Yes indeed! But this doesn't apply to a startup in the Explore phase, where you don't need replication, and how we did it for a long time. This is the phase where this architecture is the most use for product iteration.
But you're right, once you start using replication in the Expand phase, there certainly are engineering challenges, but they're all solvable challenges. It might help that in Common Lisp we can hot-reload code, which makes some migrations a lot easier.
We used an existing library called bknr.datastore to handle this part, so we didn't have to reinvent the wheel :) I mentioned that at the end of the blog post, but I wanted to build up the idea for people who have no prior knowledge about how such things work.
To clarify, as I think some people have misunderstood: we used an existing library called bknr.datastore to handle the "database" part of the in-memory store, so we didn't have to invent too much. Our only innovation here was during the Expand phase, where we put that datastore behind a Raft replication.
We do use Preset for metrics and dashboards, and obviously Preset isn't going to talk to our in-memory database.
So we do have a separate MySQL database where we just push analytics data. (e.g. each time an event of interest happens.) We never read from this database, and the data is a schemaless JSON.
Preset then queries from this database for our metrics purposes.
Raft does do persistence and crash recovery, at least of the transaction logs.
What you need from your side (and there are libraries that already do this):
a) A mechanism to snapshot all the data
b) An easy in-memory mechanism to create indexes on fields--not strictly needed, but definitely makes things a lot more easier to work with.
Bespoke data structures are just simple classes, so if you're familiar with traversing simple objects in the language of your choice, you're all set. You might be over-estimating the benefits of a query engine (and I have worked at multiple places that used MySQL extensively, and used MySQL to build heavily scaled software in the past).
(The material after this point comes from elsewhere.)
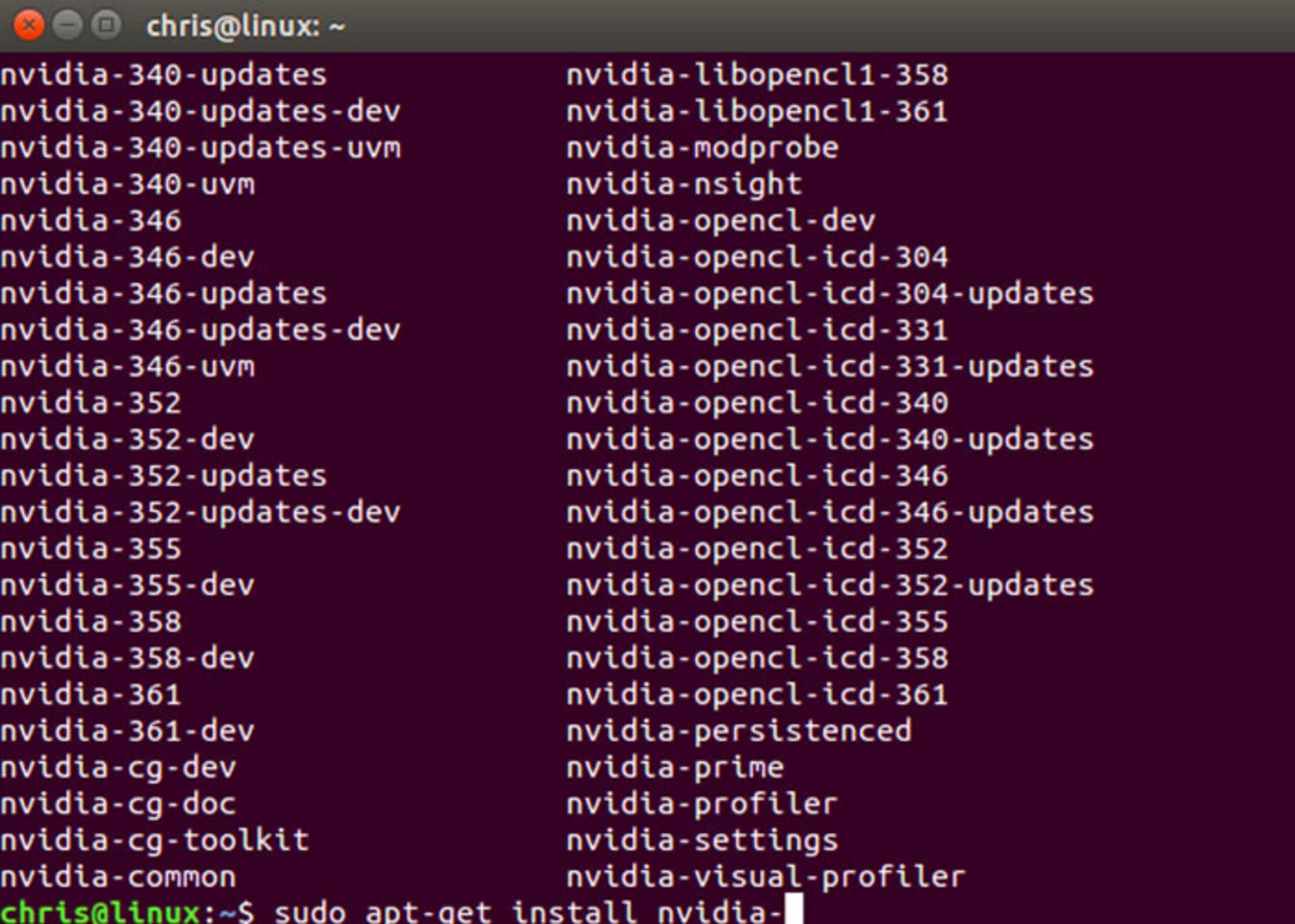 با انجام این کار، درایورهای گرافیکی قابل نصب و بروز شدهی انویدیا نمایان خواهند شد. میتوانید برای مشاهدهی بروزترین نسخههای در دسترس درایورها، به صفحهی توضیحات PPA مراجعه کرده یا فرمان “sudo apt-get install nvidia-” را در ترمینال تایپ کرده و کلید تب را از صفحه کلید بفشارید. به عنوان مثال، در هنگام نگارش این مقاله، نسخهی ۳۶۱ درایورهای گرافیکی انویدیا، بروزترین نسخهی موجود است که میتوانید برای نصب آن از دستور متنی “sudo apt-get install nvidia-361” استفاده کنید.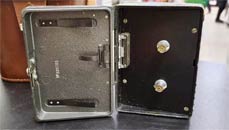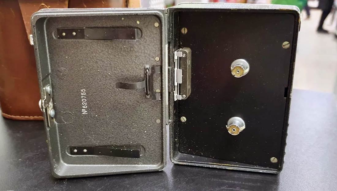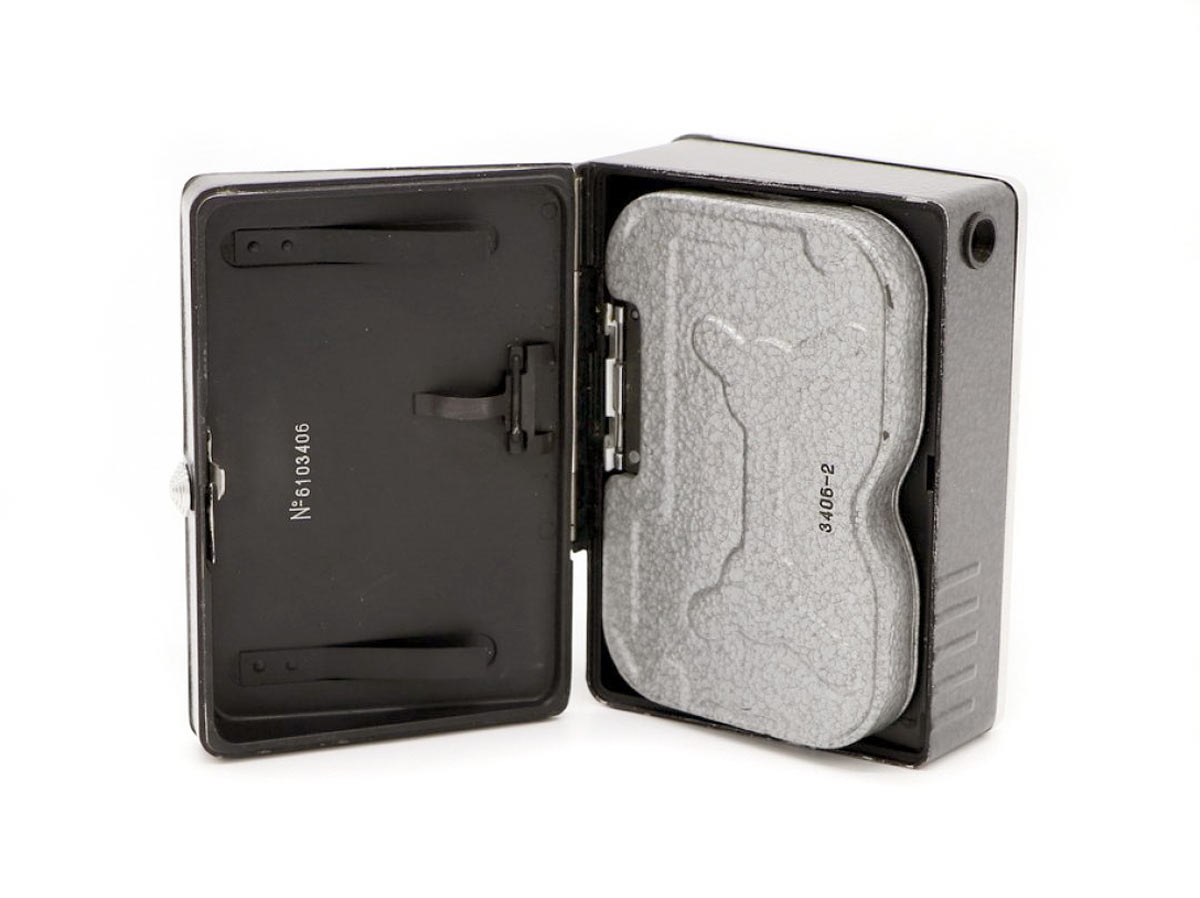 кассета, вмещающая 10 м. киноплёнки 1х8 мм. Объектив триплет-анастигмат

> Raft does do persistence and crash recovery, at least of the transaction logs.
It simply does not. The paper that definitionally is Raft doesn't tell you how to interact with durable storage. The raft protocol handles crash recovery in so far as it allows one or more nodes to rebuild state after a crash, but Raft doesn't talk about serialization or WAL or any of the other things you inevitably have to do for reliability and performance. It gives you a way to go from some existing state to the state of the leader (even if that means downloading the full state from scratch), but it doesn't give you a way to go from a pile of bits on a disk to that existing state.
If you have a library that implements Raft and gives you those things, that's not Raft giving you things. And that library could just be SQLite.
> You might be over-estimating the benefits of a query engine
No, I'm not. It's great to describe the data I want and get, say, an array of strings back without having to crawl some Btrees by hand.
> The paper that definitionally is Raft doesn't tell you how to interact with durable storage.
That's being a bit pedantic. Yeah, I did mean that any respectable library implementing Raft would handle all of this correctly.
> without having to crawl some Btrees by hand.
This is not how I query an index. First, we don't even use Btrees, most of the times it's just hash-tables, and otherwise it's a simpler form of binary search trees. But in both cases, it's completely abstracted away in library I'm using. So if I'm trying to search for companies with a given name, in my code it looks like '(company-with-name "foobar")'. If I'm looking for users that belong to a specific company, it'll look like '(users-for-company company)'.
So I still think you're overestimating the benefits of a query engine.
This is fascinating, thanks for the data! I agree with the the other reply to this: I probably should've said that it's easy to get a machine with 100s of GB of RAM instead of saying it's "cheap".
> It's quite odd that an argument grounded on performance claims
I probably did a bad job then, because everything in the blog post was meant to be developer productivity claims, not performance claims. (I come from a developer productivity background. I'm decent at performance stuff, but it's not what excites me, since for most companies my size performance is not critical as long as it scales.)
Using upload-pack allowed us to remove that constraint, since even in a shallow clone we can still get the commit graph via SSH from the remote.